En termes de distribution, c’est un tout petit film, le premier long métrage d’un jeune cinéaste portugais visible sur une poignée de copies, alors dépêchez-vous parce que des premières œuvres de cette originalité et de cette puissance, il y en a peu. C’est un film difficile, indéfinissable, alors se reporter au titre, La Gueule que tu mérites, tiré de ce proverbe : « Jusqu’à 30 ans, tu as la gueule que Dieu t’a donnée, après tu as la gueule que tu mérites ». Comédie dramatique sur les affres de la trentaine ? C’est exactement cela, sauf que cette question abordée par mille petites comédies insignifiantes donne lieu à un film royalement singulier, à la fois mu par une assurance sans faille et une confiance résolue, suicidaire peut-être, dans l’implication du spectateur. Après une demi-heure de projection, celui-ci normalement sera conquis par une brillantissime bobine où Francisco, prof de musique, sombre dans la déprime alors qu’on s’apprête à fêter ses 30 ans. Et pourtant ils chantent, lui et son amie Vera, son amoureuse, la prof de maths qui le console comme elle peut : chansons tristounes, mi-plaintives mi-lucides qui durant cette première demi-heure enchantent le film en une sorte de comédie musicale contemporaine d’une douceur enthousiasmante. Magnifique musique minimaliste, xylophone, ukulélé, Bontempi, signée Mariana Ricardo.

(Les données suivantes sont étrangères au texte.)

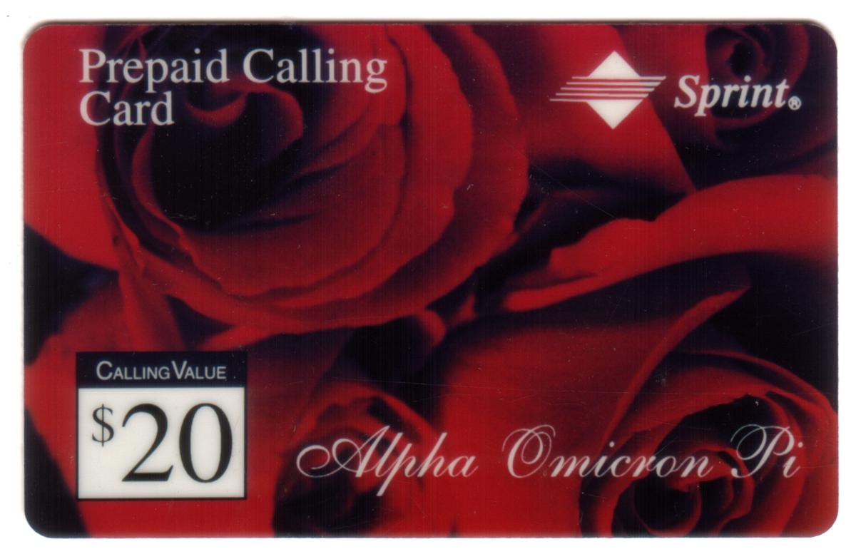 This collectible prepaid calling card from Sprint features a close-up image of red roses as its background, creating a rich and elegant visual effect. The card prominently displays its calling value of $20 in a white box with black text located in the bottom left corner. The name "Alpha Omicron Pi" is elegantly scripted in white cursive text across the lower middle section of the card, representing the women's fraternity.
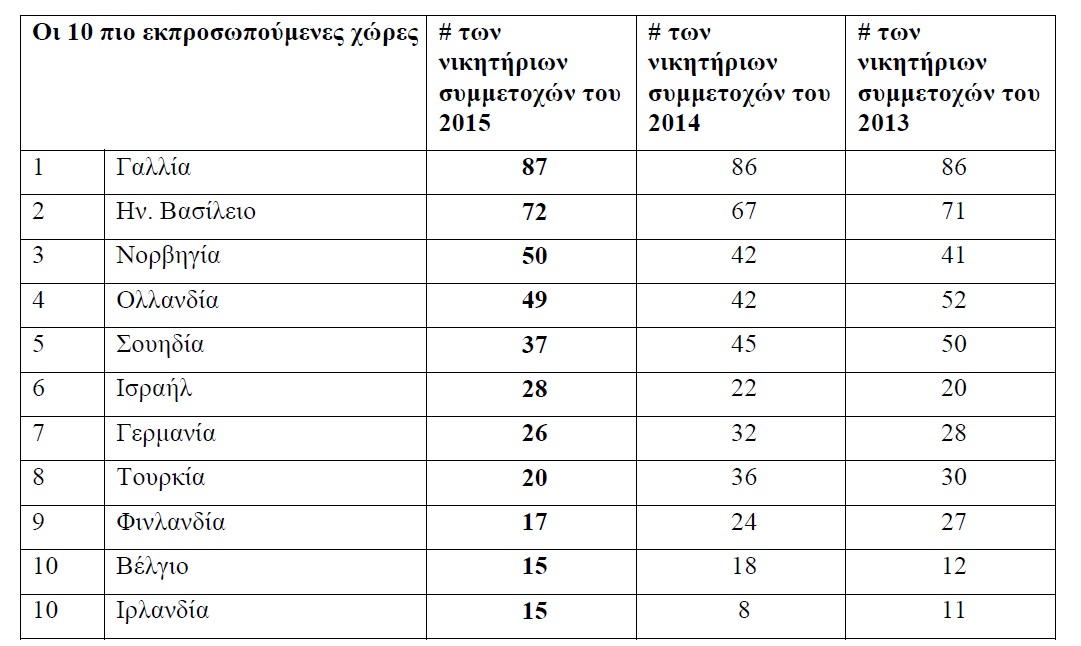 Η Γαλλία πάλι επικράτησε ως η χώρα με τις περισσότερες εταιρίες στην κατάταξη των 500 για 5η συνεχή χρονιά και οι υπόλοιπες χώρες της κορυφαίας 5άδας είναι όπως και το 2014 το Ην. Βασίλειο, η Νορβηγία, η Ολλανδία και η Σουηδία. Δυο εταιρίες από το Ισραήλ βρίσκονται ανάμεσα στις 5 κορυφαίες εταιρίες και τέσσερις εταιρίες από το Ην. Βασίλειο εντάσσονται στις 10 κορυφαίες εταιρίες της κατάταξης.
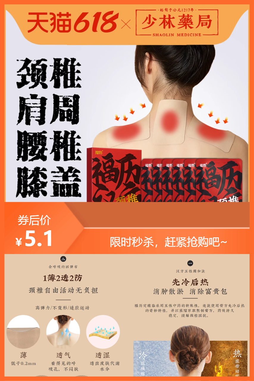 5.1到手6贴,单张颈椎贴有效是6个小时,保质期3个月,不影响使用,【福历】贴合呵护,舒适颈椎,草本原材,汉方好贴,先冷后热,快速渗透,易撕设计,不易黏连,传承经典古方,道地药材,科学配比,缓解多部位不舒适~
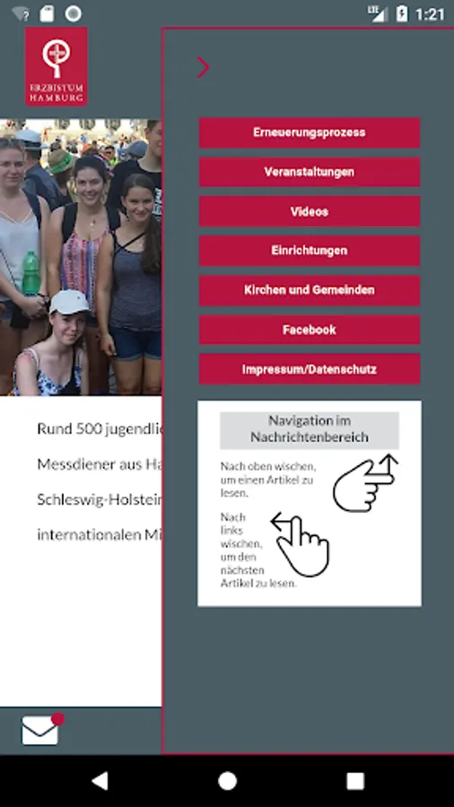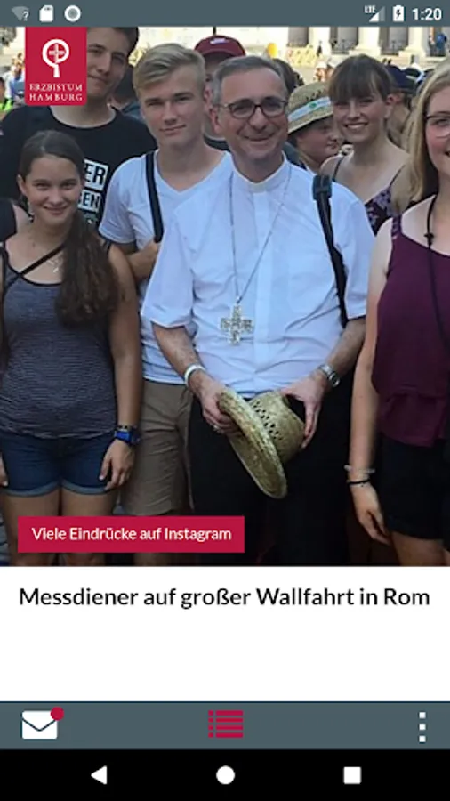 Official Android App of the Archdiocese of Hamburg. Here you get all the daily news and are connected to the northernmost and largest surface area in German diocese via Facebook. New releases are available on request via push notification. Mass times and nearly all facilities Diocese - Catholic kindergartens, schools, hospitals etc. - In Hamburg, Schleswig-Holstein and Mecklenburg It is easily accessible via the integrated GPS radius search.
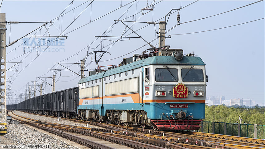 2022年9月15日。包神铁路,“党员先锋号”SS4B牵引下行货列驶出万水泉南南场。
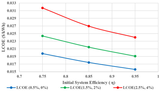 The effect of different initial system efficiencies (0.95, 0.85, and 0.75) on the LCOE, assuming a fixed degradation rate of 2.5% and an interest rate of 4%.
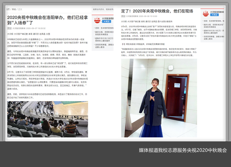 9月7日,大河报洛阳新闻以《2020央视中秋晚会在洛阳举办,他们已经拿到“入场券”了》为题对我校安排190名大学生服务2020央视中秋晚会进行报道;猛犸新闻东方今报以《央视中秋晚会不设观众席 群众演员和志愿者来自洛阳这三所高校》为题进行报道。9月8日,大河报洛阳新闻以《定了!2020年央视中秋晚会,他们在现场》专题对我校志愿者进行了报道。
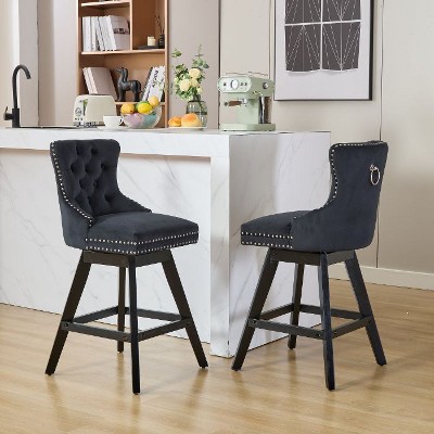 Elevate your dining or entertainment space with this Bar Stools Set of 2. Designed with a 360-degree swivel feature, these stools offer freedom of movement and convenience, perfect for kitchen counters, bars, or dining areas. The PVC cushioned seat adds comfort for extended sitting, while the wooden legs provide stability and durability. With a 26" height, these stools are suitable for counter-height surfaces, blending seamlessly with modern or classic home decor. Whether you need extra seating for a dinner party or a comfortable spot for casual meals, these stools bring both style and function to your space.
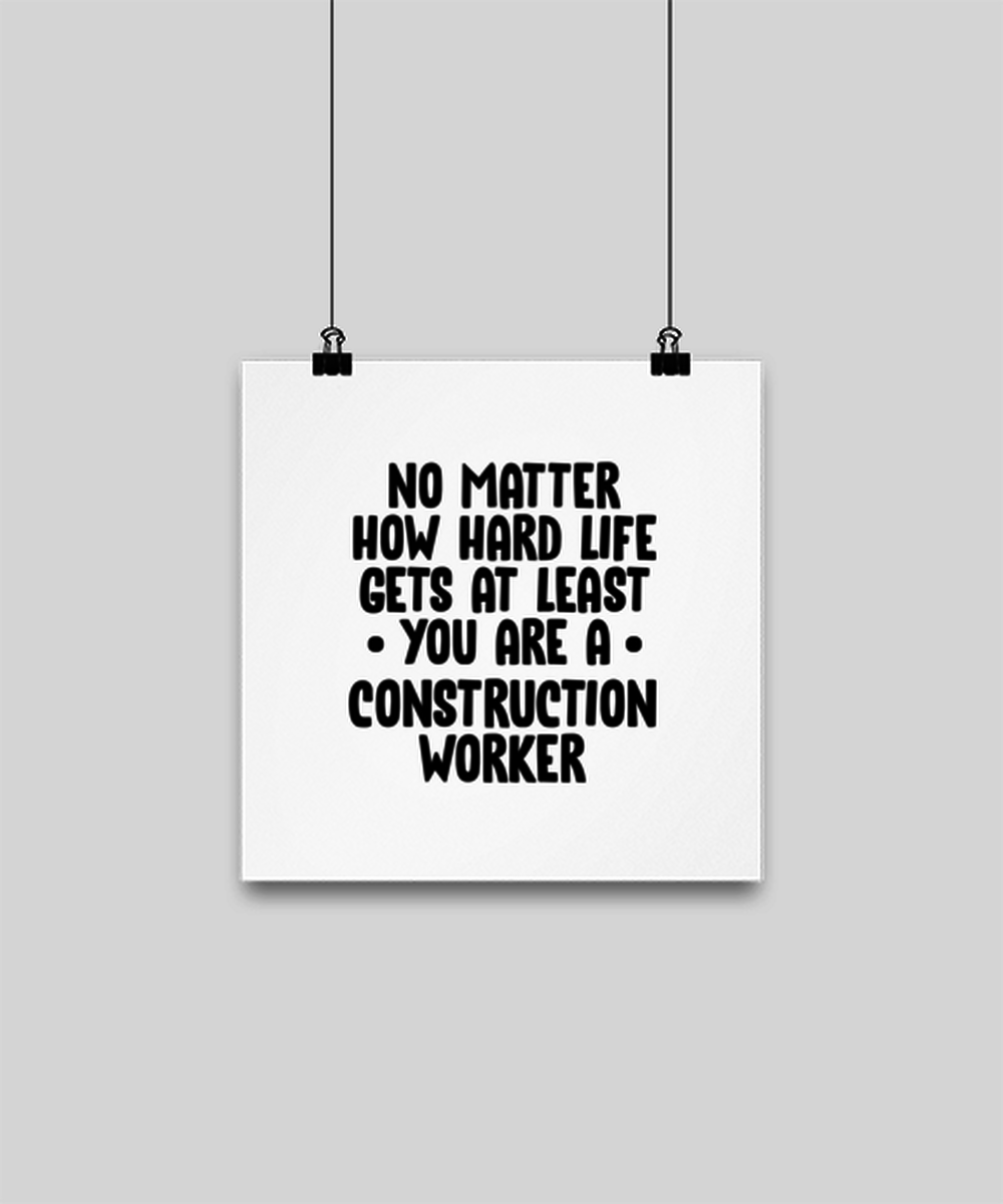 Funny Construction Worker Poster 14x14 - No Matter How Hard Life Gets You Are A Construction Worker - Unique Inspirational Gift Best For Men Women
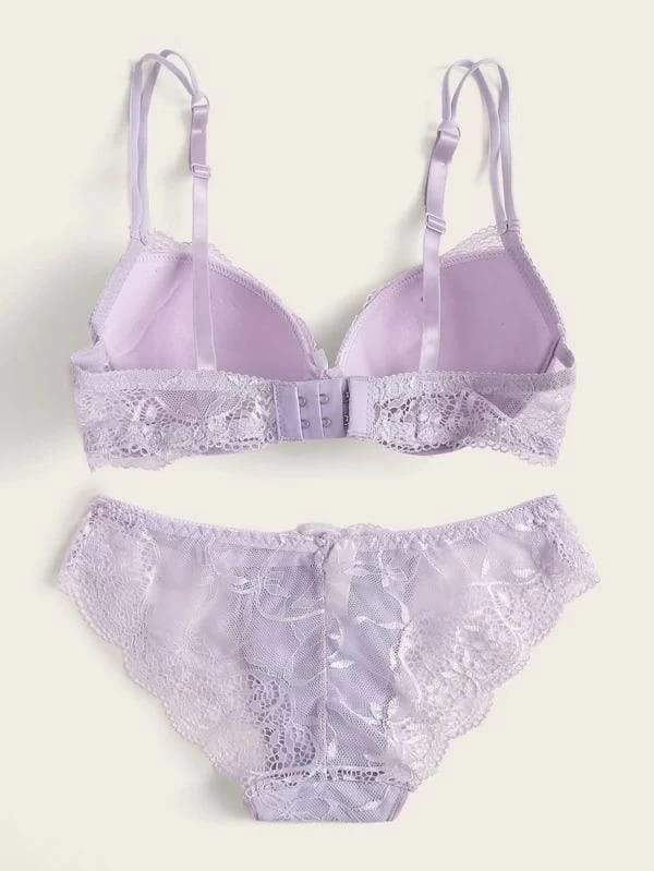 Style: SexyColor: Lilac PurplePattern Type: FloralBra Type: Push Up, UnderwirePanty Type: BriefsDetails: BowComposition: 5% Nylon, 80% Polyamide, 15% SpandexMaterial: LaceFabric: High StretchChest pad: No
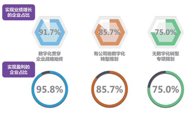数字化战略是企业数字化转型的核心前提和所有转型活动的顶层设计,为企业抢抓数字化发展先机、加速转型变革提供方向性、全局性的方略。以企业级数字化战略为指引,推进数字化转型,将大大提高转型效率、有效获取数字化效能。调查数据发现,将数字化贯穿战略始终的企业中,业绩增长和盈利的企业占比明显都要高于其他类型的企业。由此可见,有没有贯穿始终的数字化战略,将在很大程度上决定企业数字化转型的成败。
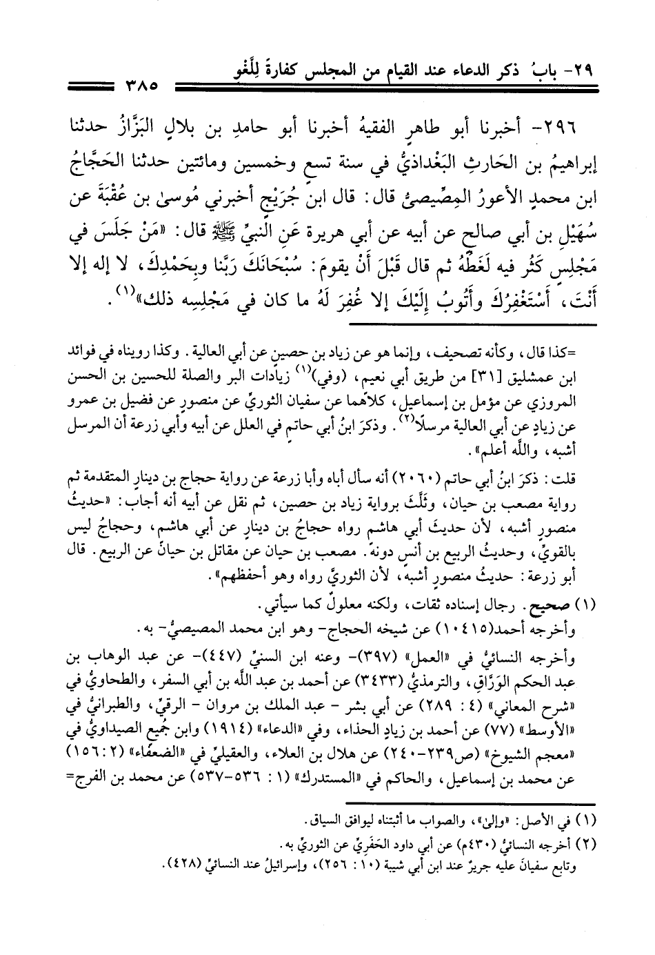 296 - أَخْبَرنَا أبو طاهر الفقيه أَخْبَرنَا أبو حامد بن بلال البزاز حَدَّثَنا إبراهيم بن الحارث البغدادي في سنة تسع وخمسين ومائتين , حَدَّثَنا الحجاج بن محمد الأعور المصيصي قال: قال ابْنُ جُرَيْجٍ: أَخْبَرَنِي مُوسَى بْنُ عُقْبَةَ، عَنْ سُهَيْلِ بْنِ أَبِي صَالِحٍ، عَنْ أَبِيهِ، عَنْ أَبِي هُرَيْرَةَ رضي الله عنه، عَنِ النَّبِيِّ صَلَّى اللهُ عَلَيْهِ وَسَلَّمَ قَالَ: مَنْ جَلَسَ فِي مَجْلِسٍ كَثُرَ فِيهِ لَغَطُهُ، ثُمَّ قَالَ قَبْلَ أَنْ يَقُومَ: سُبْحَانَكَ رَبَّنَا وَبِحَمْدِكَ، لاَ إِلَهَ إِلاَّ أَنْتَ، أَسْتَغْفِرُكَ وَأَتُوبُ إِلَيْكَ، إلا غُفِرَ لَهُ مَا كَانَ فِي مَجْلِسِهِ ذَلِكَ.

Mais la gueule que Francisco a méritée, on la verra à peine, seulement quelques gros points rouges venant éclore sur ses joues, symptôme de maladie car Francisco est malade, c’est entendu, malade d’avoir 30 ans, il a une rougeole existentielle – sévère. Et un malade, il faut le soigner. Francisco est reclus, à la campagne, dans une maison isolée, dans une chambre rouge, voisine d’une autre, obscure, où dort un monstre. Pour s’occuper de lui, sept nains, si l’on veut, sept grands garçons joueurs dont la vie est réglementée par une série très contraignantes de règles édictées par Francisco peut-être, ou plus sûrement par sa maladie. Il sera interdit de prononcer le nom de celui qui souffre et quatre-vingt dix-neuf autres mots, de compter les pas ou de brûler des bottes de foin. Qui enfreindra le règlement subira de terribles conséquences, comme dénombrer le nombre de cheveux sur sa tête. Mais il sera permis de lancer des cailloux dans la rivière ou d’arracher les queues des lézards. Il faudra juste veiller à être au lit avant minuit sinon le monstre vous bouffera tous. Il faudra rester vivant pour soigner celui dont on ne dira désormais plus le nom. Etranges, les règles du jeu proposées par le film lui-même, créature singulière et déroutante, d’une grande beauté formelle, drôle comme un rêve. La déprime est une maladie coriace, l’affronter est aussi hardi que prendre Fort Alamo, et parfois l’on entend, murmurée, la mélodie de Rio bravo.
La Gueule que tu mérites est un film somnambule, une complainte adressée à l’enfance engloutie sous trente années d’existence, et qui continue, petit insecte, à courir parmi les feuilles humides d’un automne portugais, sautant d’un coffre de pirate rempli de pièces d’or à la chambre obscure où le monstre est tapi. Nul symbolisme, chez Miguel Gomes, encore moins le désir de reconduire l’ode vaine, confinant dans mille autres films à l’éloge de l’infantilisme, à cet âge perdu qu’il faudrait retrouver pour vivre mieux. Ce qu’il filme, avec un aplomb et une sensibilité renversants, c’est une humeur invisible, un parfum seulement, un état d’âme au maximum. L’émotion que l’on ressent à la vision de ce conte fantastique sans dedans ni dehors est impalpable, puisqu’il ne se passe plus rien sinon des jeux, des tractations, des rebellions, des défis. Une émotion qui a peut-être pour nom : guérison.